Berikut penjelasannya mengapa The Mukaab dibangun Arab Saudi, yang dirangkum ²©²ÊÍøÕ¾, dari berbagai sumber, Senin (27/3/2023).
Visi Saudi 2030
Selama ini Arab Saudi dikenal sebagai negara yang ekonominya bergantung dengan minyak. Namun saat Raja Salman menjadi pemimpinnya di 2015 negara itu mengumumkan Visi Saudi 2030.
Visi Saudi 2030 sendiri merupakan sebuah gambaran perekonomian baru Arab Saudi di tahun 2030. Dalam visi itu, Raja Salman menginginkan agar ketergantungan negara itu terhadap migas dikurangi dan sektor ekonomi terdiversifikasi.
Gayung bersambut saat MBS dipilih sebagai Putra Mahkota di 2017. Ia sibuk mendiversifikasi sumber pendapatan negara.
Negeri itu, tengah fokus membangun pariwisata untuk mencapai target menjadi salah satu pilar ekonomi di masa yang akan datang. Pariwisata akan menjadi penyokong PDB kedua setelah minyak.
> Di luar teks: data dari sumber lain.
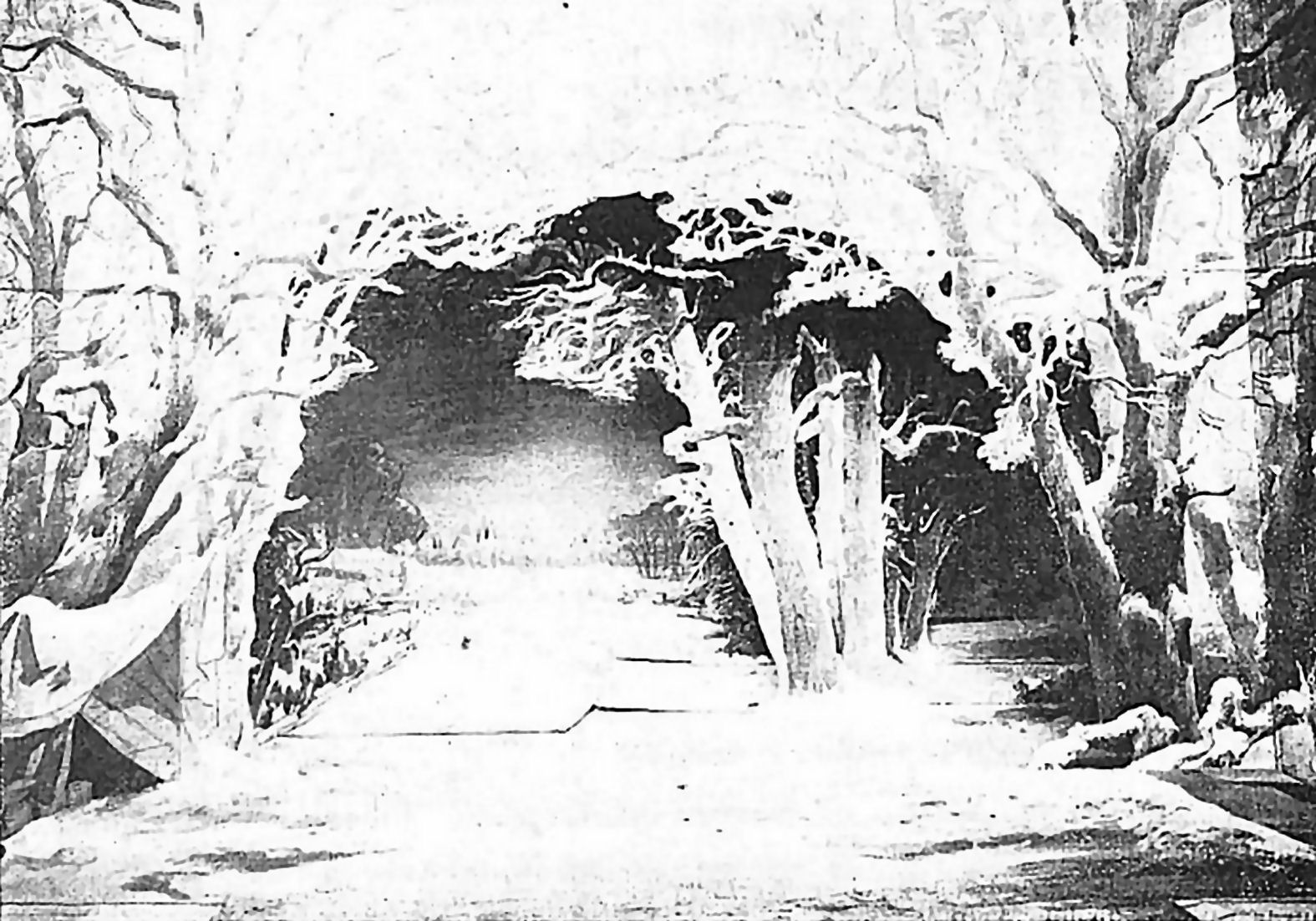 Le Prophète: model of the opera set for the third act by Edouard Despléchin (1849)

Kocek US$500 miliar lebih digelontorkan untuk proyek-proyek besar. Ini untuk merevolusi pariwisata kerajaan agar sesuai dengan tren khalayak nasional dan internasional.
Reformasi dirancang untuk membuka diri terhadap dunia termasuk aturan untuk mengakomodasi investasi di sektor pariwisata. Terobosan lain adalah e-visa dapat dikeluarkan untuk pelancong hanya dalam waktu lima menit.
Diversifikasi Minyak
Ini juga terjadi karena sejumlah ramalan soal mulai ditinggalkannya energi fosil, termasuk minyak yang jadi andalan Arab Saudi. Minyak akan jadi salah satu yang paling mengalami penurunan permintaan terutama dari transportasi yang selama ini memberikan sumbangsih terbesar terhadap permintaan minyak dunia.
Peralihan ke energi terbarukan karena masalah emisi karbon dunia sehingga terjadi kesepakatan negara-negara untuk bersama-sama mengurangi emisi karbon. Negara Arab Saudi adalah penyumbang emisi karbon terbesar kedua di daerah timur tengah setelah Iran.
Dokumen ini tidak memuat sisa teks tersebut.